Investigated medicinal products with no clinically relevant interaction
Amoxicillin and quinidine
Esomeprazole has been shown to have no clinically relevant effects on the pharmacokinetics of amoxicillin or quinidine.
Naproxen or rofecoxib
Studies evaluating concomitant administration of esomeprazole and either naproxen or rofecoxib did not identify any clinically relevant pharmacokinetic interactions during short-term studies.

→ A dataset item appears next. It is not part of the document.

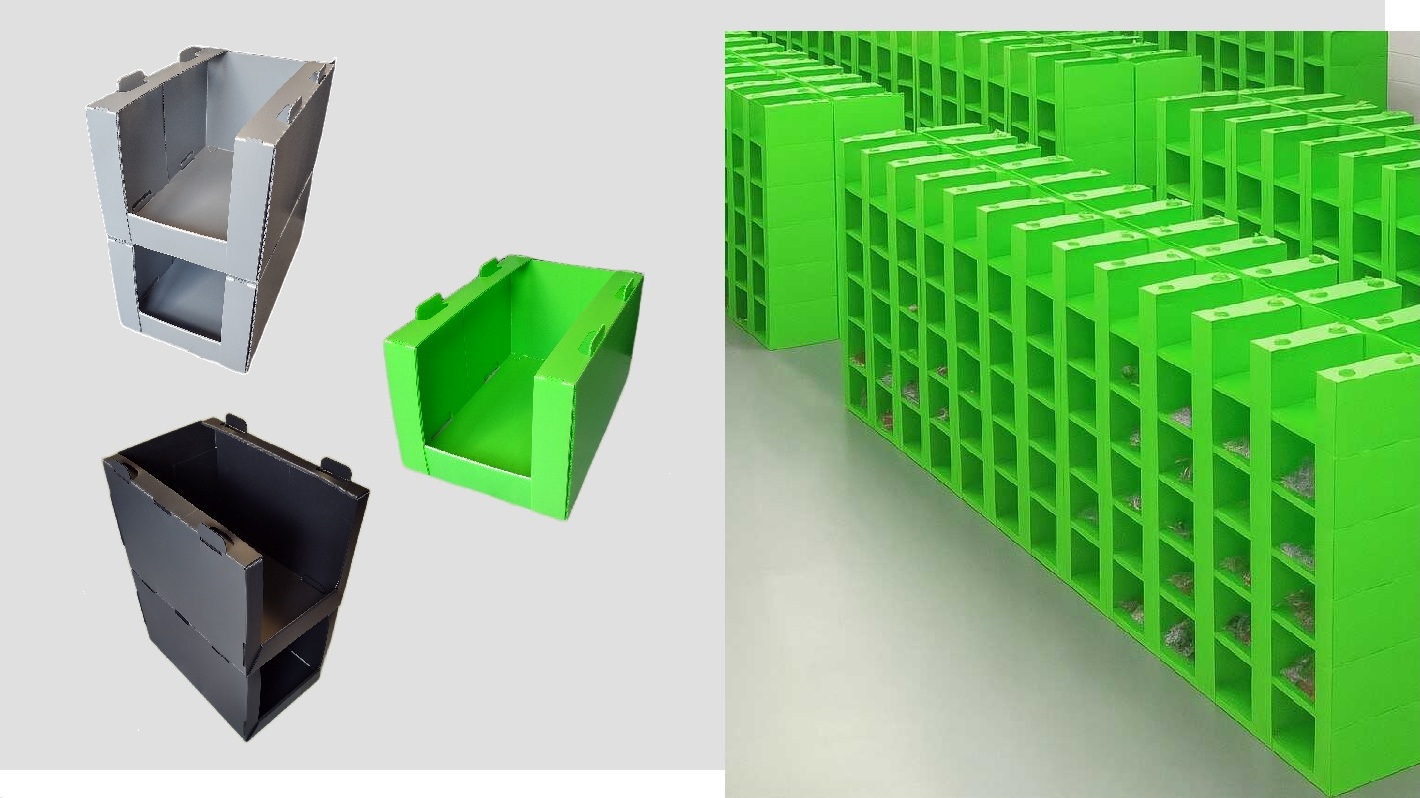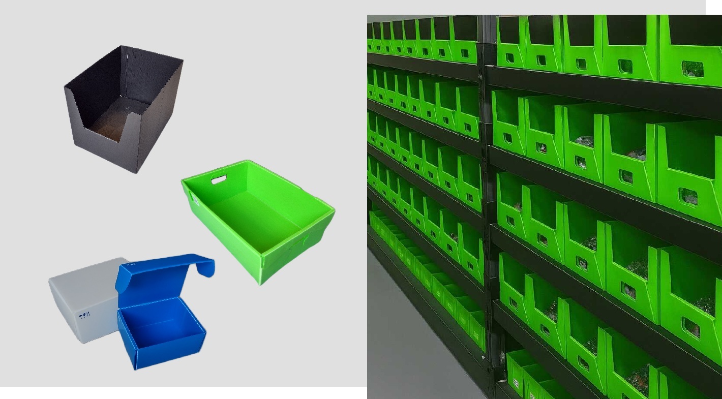 Wykorzystanie dedykowanych opakowań PP jako pojemniki kompletacyjne, systemy regałowe sztaplowane, skrzynki magazynowe i paczki transportowe, stanowi atrakcyjną ekonomicznie alternatywę dla mało wytrzymałych rozwiązań kartonowych i standardowych, produkowanych wtryskowo pojemników plastikowych do kompletacji.

Effects of other medicinal products on the pharmacokinetics of esomeprazole Medicinal products which inhibit CYP2C19 and/or CYP3A4 Esomeprazole is metabolised by CYP2C19 and CYP3A4. Concomitant administration of esomeprazole and a CYP3A4 inhibitor, clarithromycin (500 mg b.i.d.), resulted in a doubling of the AUC to esomeprazole. Concomitant administration of esomeprazole and a combined inhibitor of CYP2C19 and CYP3A4 may result in doubling the AUC of esomeprazole. The CYP2C19 and CYP3A4 inhibitor voriconazole increased omeprazole AUC by 280%. A dose adjustment of esomeprazole is not regularly required in either of these situations. However, dose adjustment should be considered in patients with severe hepatic impairment and if long-term treatment is indicated. Medicinal products which induce CYP2C19 and/or CYP3A4 Drugs known to induce CYP2C19, CYP3A4 or both (such as rifampicin and St. John's wort) may lead to decreased esomeprazole serum levels by increasing the esomeprazole metabolism. Paediatric population Interaction studies have only been perform in adults.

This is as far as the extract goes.